- _Task prompt_: Using the records below, write out only the lines from the line containing "Sweden, Oskar II" up to and including the line containing "摂社・宮乃咩神社や相撲場、手", exactly, with no pictures.

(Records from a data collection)
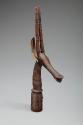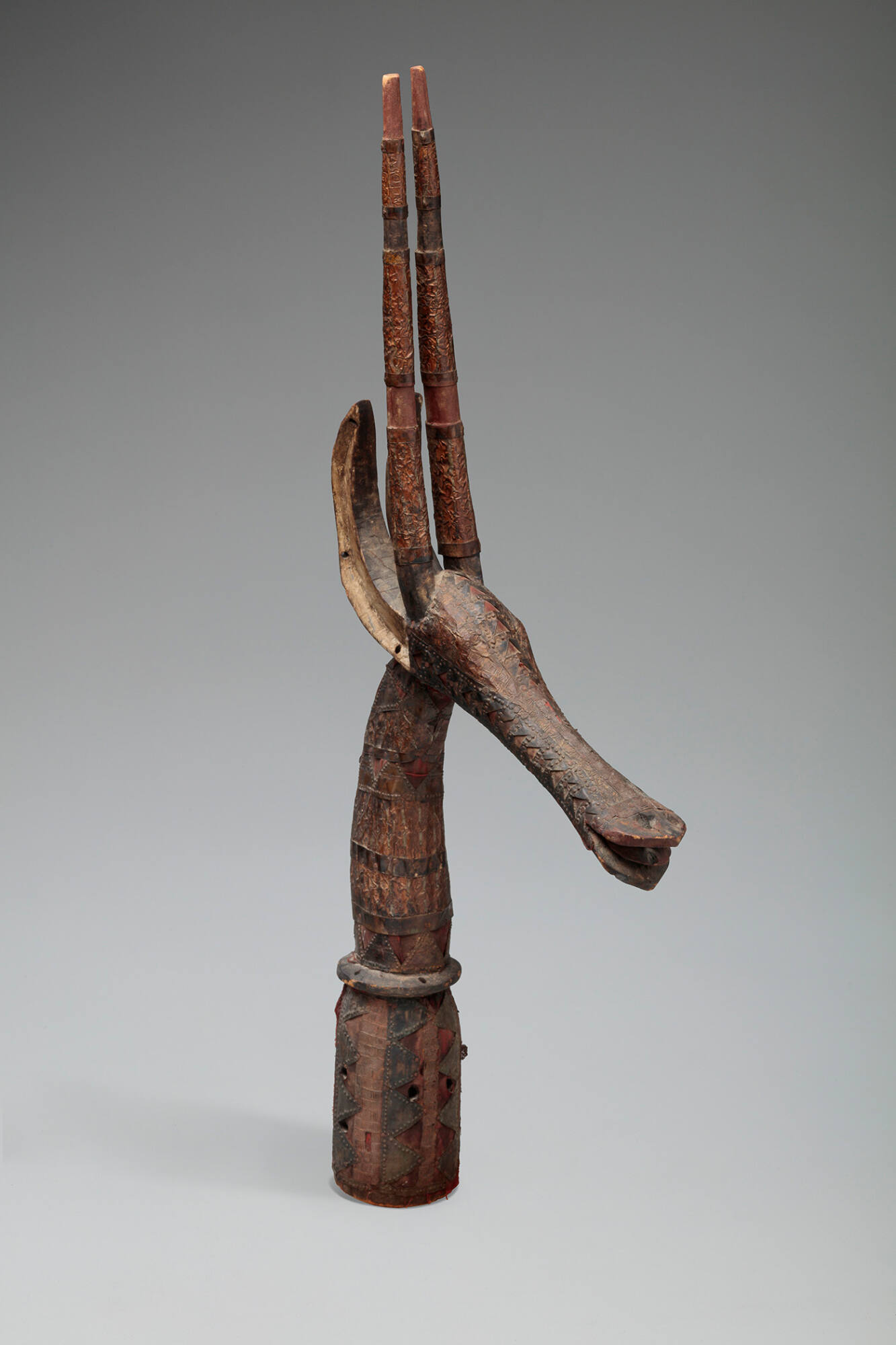 DescriptionLarge, slender wood mask carved in the form of an antelope with elongated perpendicular horns at the crown, an extended snout, and upturned curvilinear ears at the nape. The mask is nearly fully encased in decorative metal.
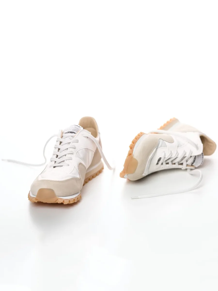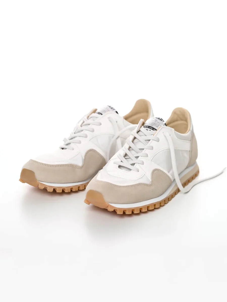 Sneakers Marathon Trail Low Spalwart. Ces baskets basses en nylon blanc et cuir suédé beige sont à bout rond et se ferment à l’aide de lacets blancs. Le logo Spalwart est tissé sur la languette rembourrée. Les baskets sont doublées en cuir et les semelles sont crantées en caoutchouc naturel.
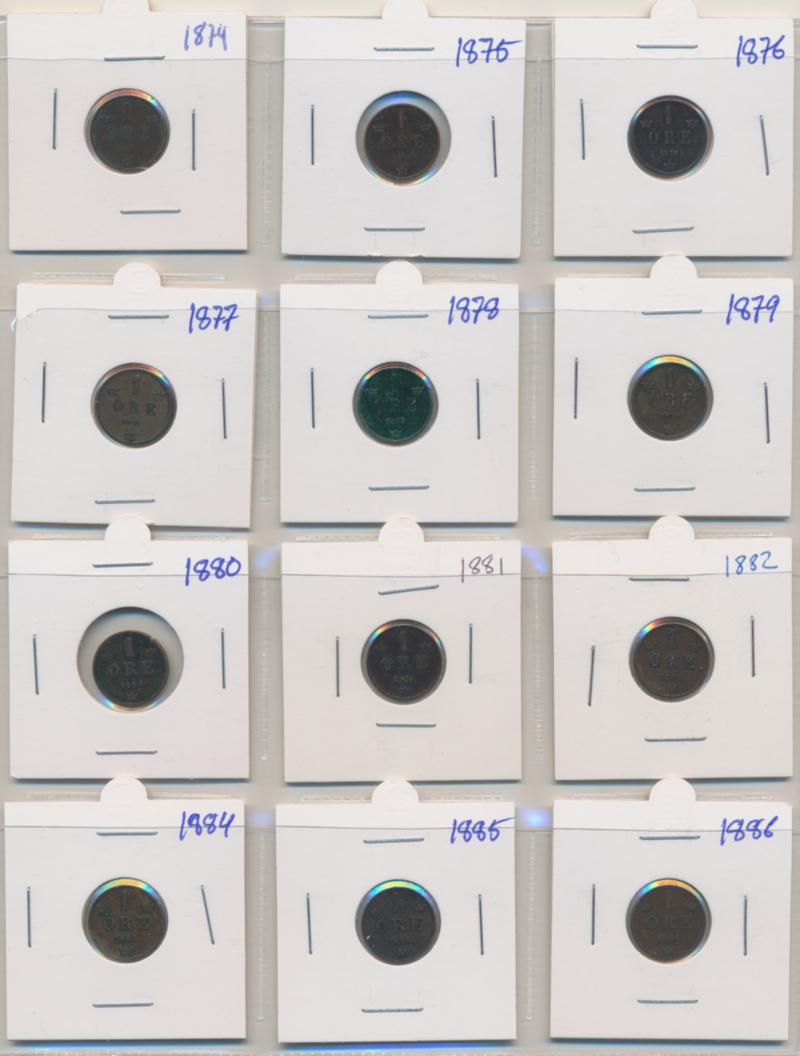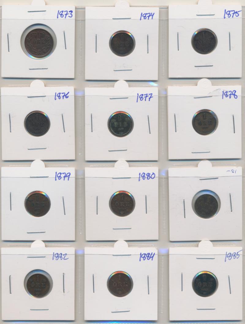 Sweden, Oskar II 1 album with 73 coins in silver and copper, 1873-1907, mixed quality. (Image1)
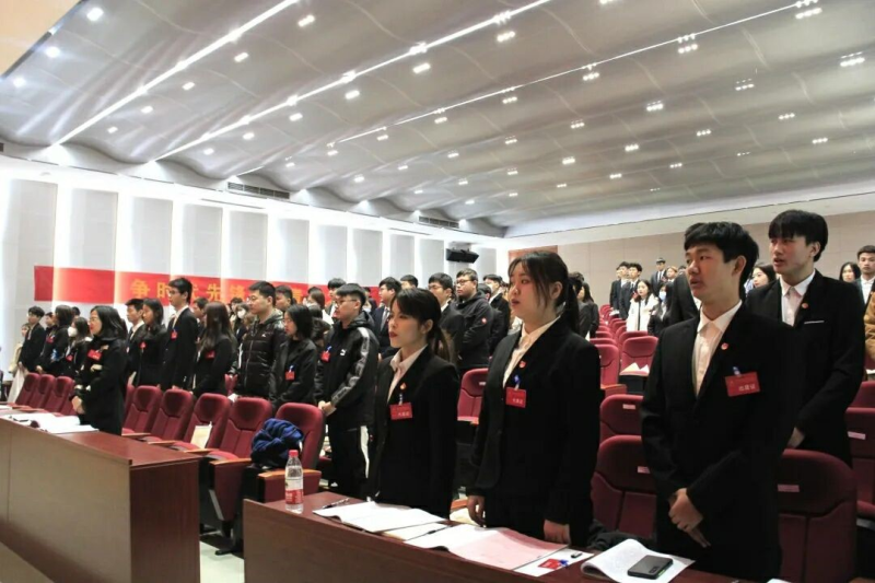 大会在庄严雄壮的国歌声中开幕。大会回顾总结了一年以来分校学生会的工作情况,修订了《伟德国际victor·1946源自学生会章程》,选举产生了新一届学生会主席团成员及学生会常任代表。
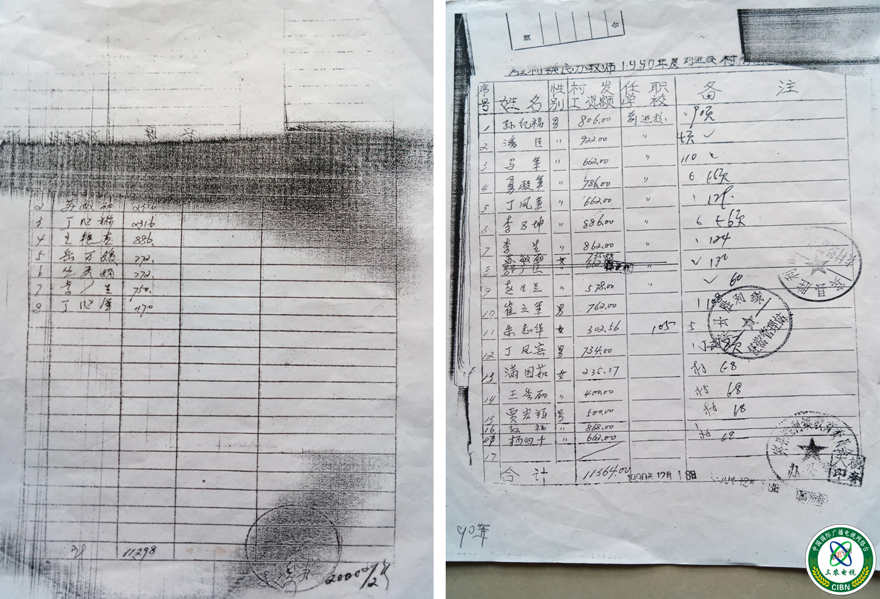 左图:2000年12月份李生工资表 右图:1990年李生的工资表
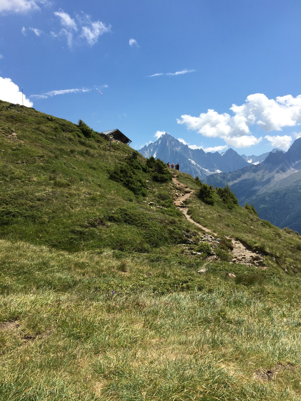 We reached the pass at Le Brevent at about 7,500 feet. We could see into another mountain range beyond, mountains as far as the eye could see. There was a rock pile to one side of the pass, and our trail continued up the side of another mountain towards the peak. We rested for a while and then carried on.
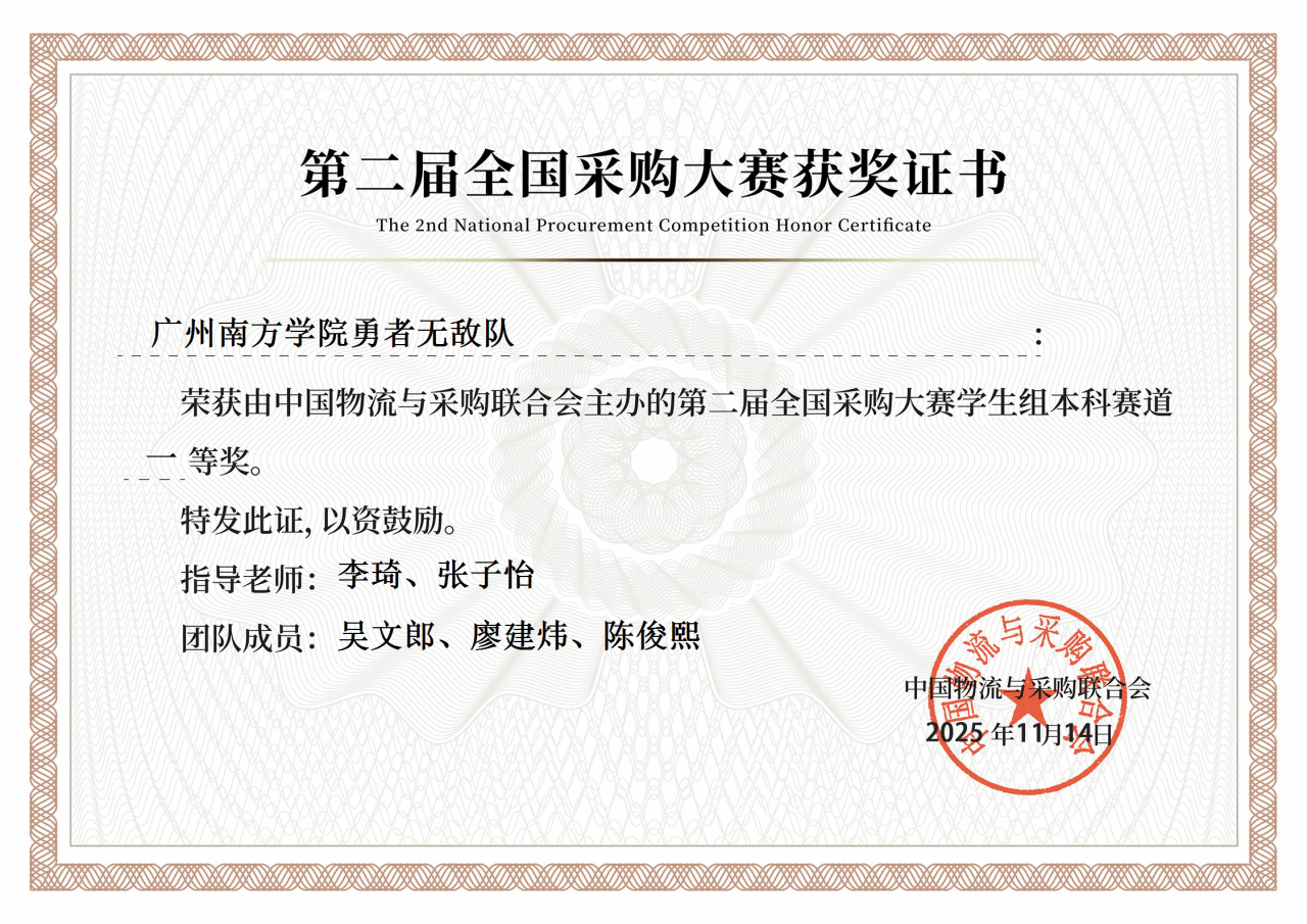 经过为期3个多月的激烈角逐,由中国物流与采购联合会主办的第二届全国采购大赛圆满收官,来自全国物流供应链行业相关单位的职工组和高校物流相关专业的学生组,120支晋级团队在总决赛竞争最终名次。williamhill中文组建的勇者无敌队——来自物流管理专业的吴文郎、陈俊熙、廖建炜同学和指导老师李琦、张子怡团队在阶段考核和总决赛中以黑马之势从理论考核到实战模拟,团体演练、复盘配合默契,最终实战过关评分位列总决赛小组第一名,勇夺学生组-本科赛道一等奖。
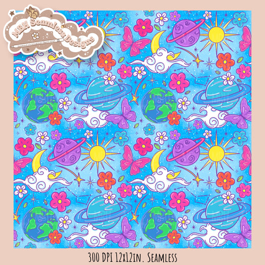 Bright Galaxy Floral Seamless Pattern Multiple Colorways
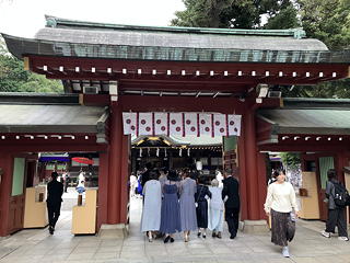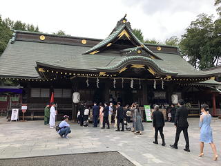 摂社・宮乃咩神社や相撲場、手水舎を左右に見て進み、随神門と中雀門をくぐるとちょうど、結婚式の御一行が神職に導かれて拝殿に入るところ。おめでとうございます。
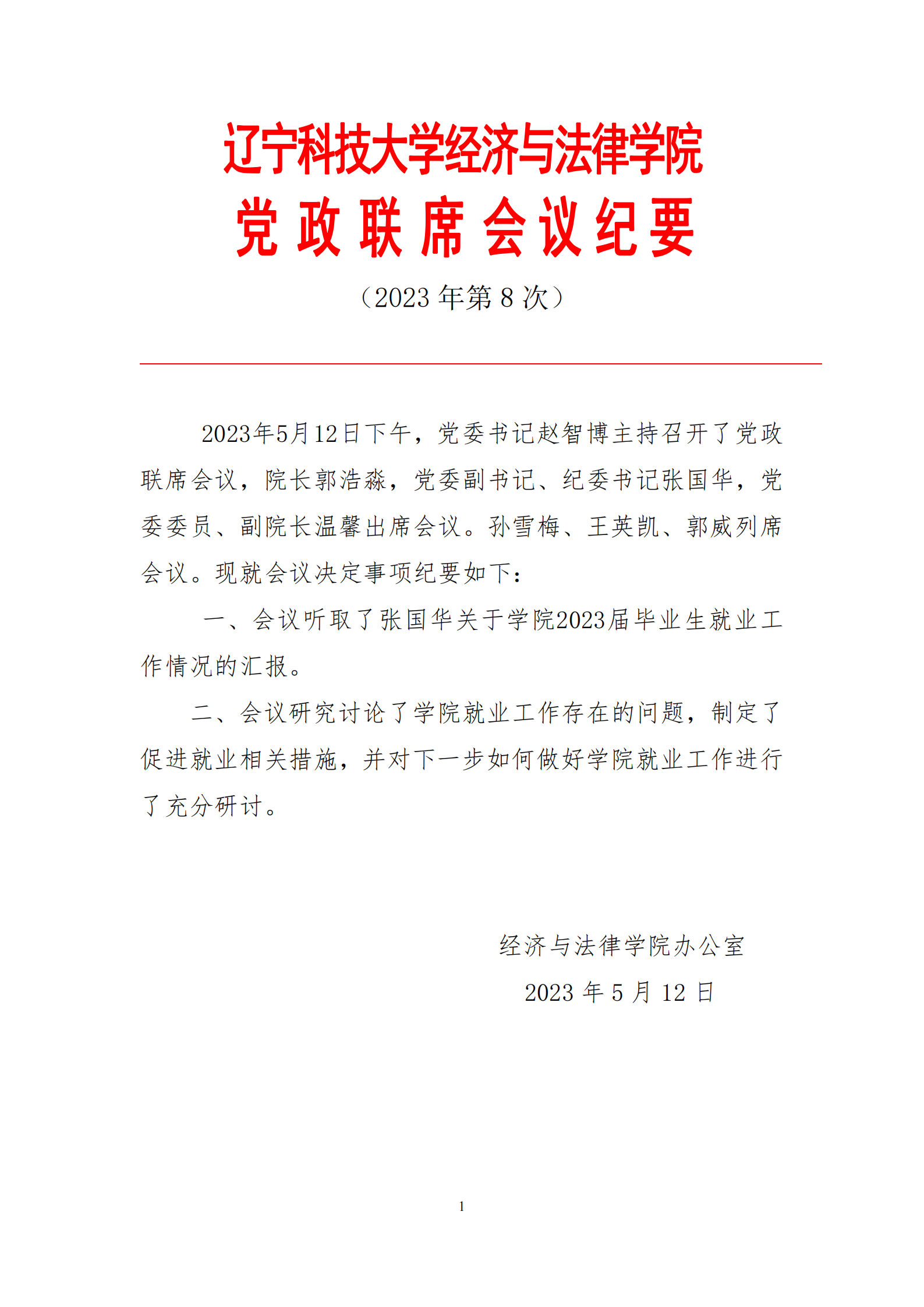 ayxty.com经济与法律学院党政联席会会议纪要(2023年第8次)
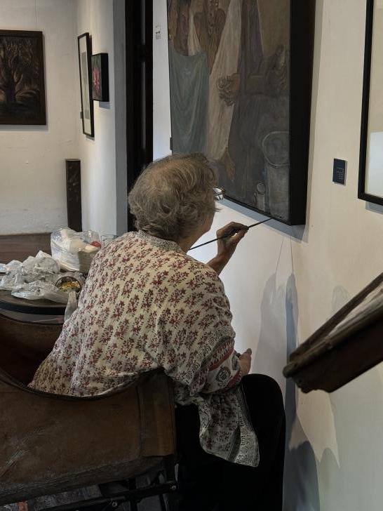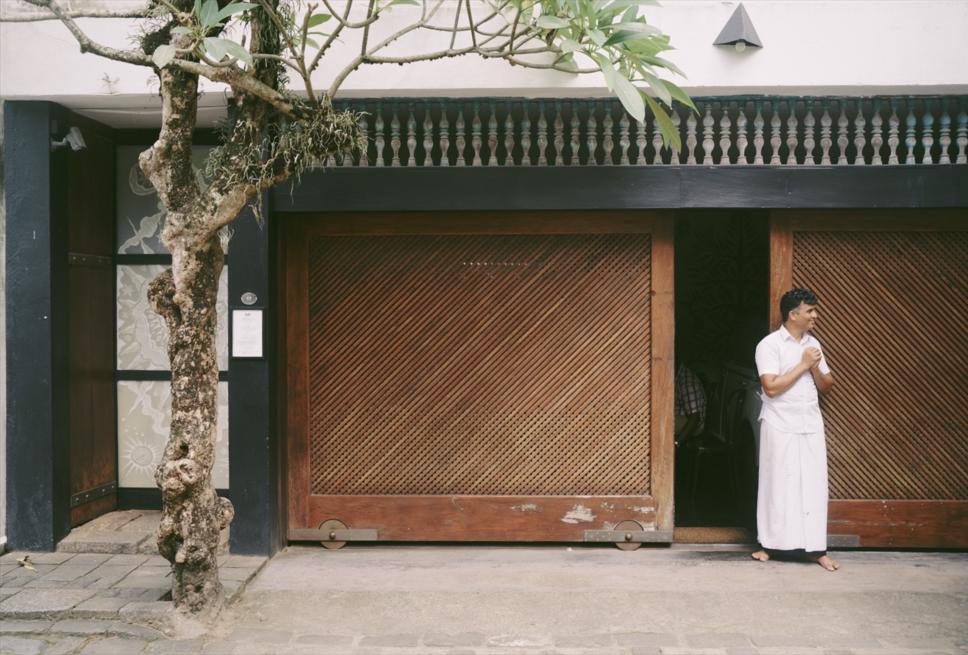 午餐选择了The Gallery café ,巴瓦先生曾经的工作室。我吮吸着冰镇的菠萝汁,坐在如今的中庭看一位年迈的当地艺术家修复画作。她旁若无人,我也绝不打扰,她专注修画,我专注看她修画,光线美得像一个神话。这是不具备通常意义的旅行者时间,却是我个人的优质时间——旅途中为一些计划外的美妙事件停留,享受那些全然陌生的人之间没有界限、自然吸引的时刻——打破界限是巴瓦毕生追求。
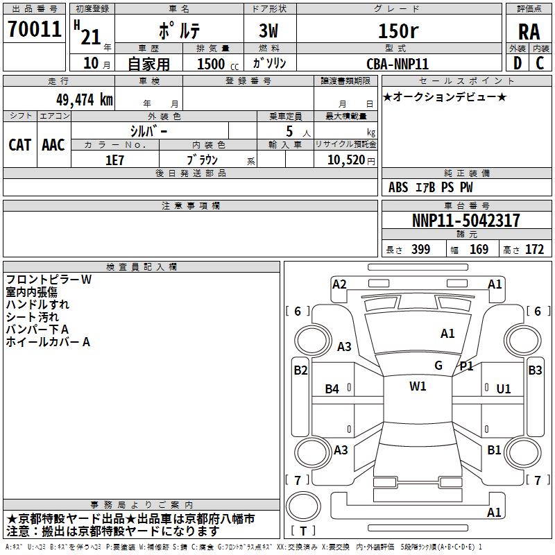 TOYOTA PORTE - лот 70011
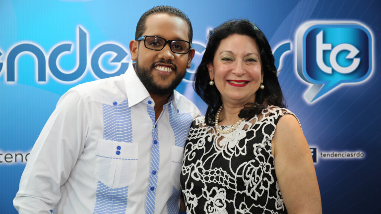 Señora Rosa Rita Álvarez y el comunicador Leonardo Grisanty, integrante del programa “Tendencias TV”, que se transmite por el canal Amé 47.
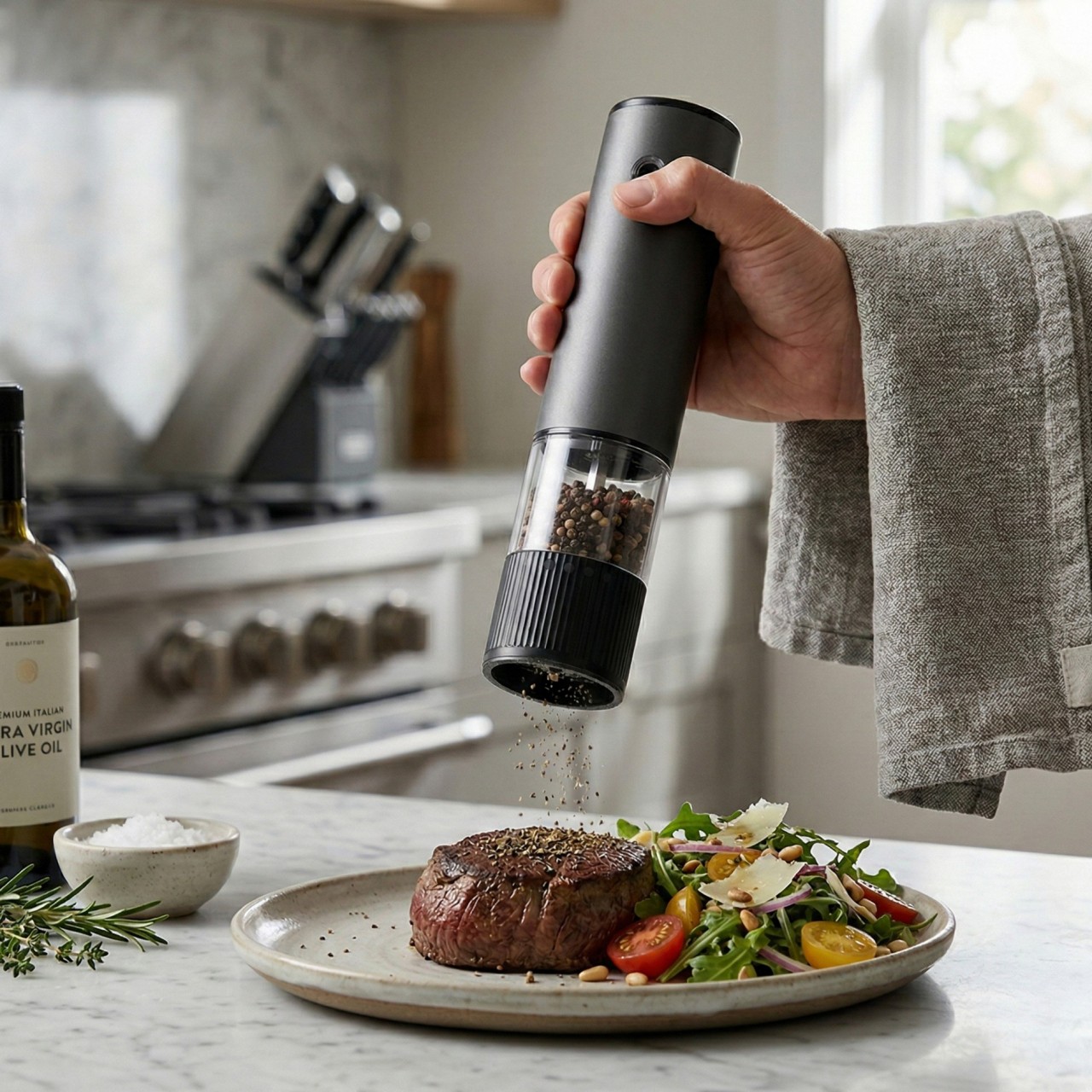 Depósito transparente para ver el nivel de condimento. Apto para pimienta, sal y diferentes especias.

- _Answer for the task_:
 Sweden, Oskar II 1 album with 73 coins in silver and copper, 1873-1907, mixed quality. (Image1)
 大会在庄严雄壮的国歌声中开幕。大会回顾总结了一年以来分校学生会的工作情况,修订了《伟德国际victor·1946源自学生会章程》,选举产生了新一届学生会主席团成员及学生会常任代表。
 左图:2000年12月份李生工资表 右图:1990年李生的工资表
 We reached the pass at Le Brevent at about 7,500 feet. We could see into another mountain range beyond, mountains as far as the eye could see. There was a rock pile to one side of the pass, and our trail continued up the side of another mountain towards the peak. We rested for a while and then carried on.
 经过为期3个多月的激烈角逐,由中国物流与采购联合会主办的第二届全国采购大赛圆满收官,来自全国物流供应链行业相关单位的职工组和高校物流相关专业的学生组,120支晋级团队在总决赛竞争最终名次。williamhill中文组建的勇者无敌队——来自物流管理专业的吴文郎、陈俊熙、廖建炜同学和指导老师李琦、张子怡团队在阶段考核和总决赛中以黑马之势从理论考核到实战模拟,团体演练、复盘配合默契,最终实战过关评分位列总决赛小组第一名,勇夺学生组-本科赛道一等奖。
 Bright Galaxy Floral Seamless Pattern Multiple Colorways
 摂社・宮乃咩神社や相撲場、手水舎を左右に見て進み、随神門と中雀門をくぐるとちょうど、結婚式の御一行が神職に導かれて拝殿に入るところ。おめでとうございます。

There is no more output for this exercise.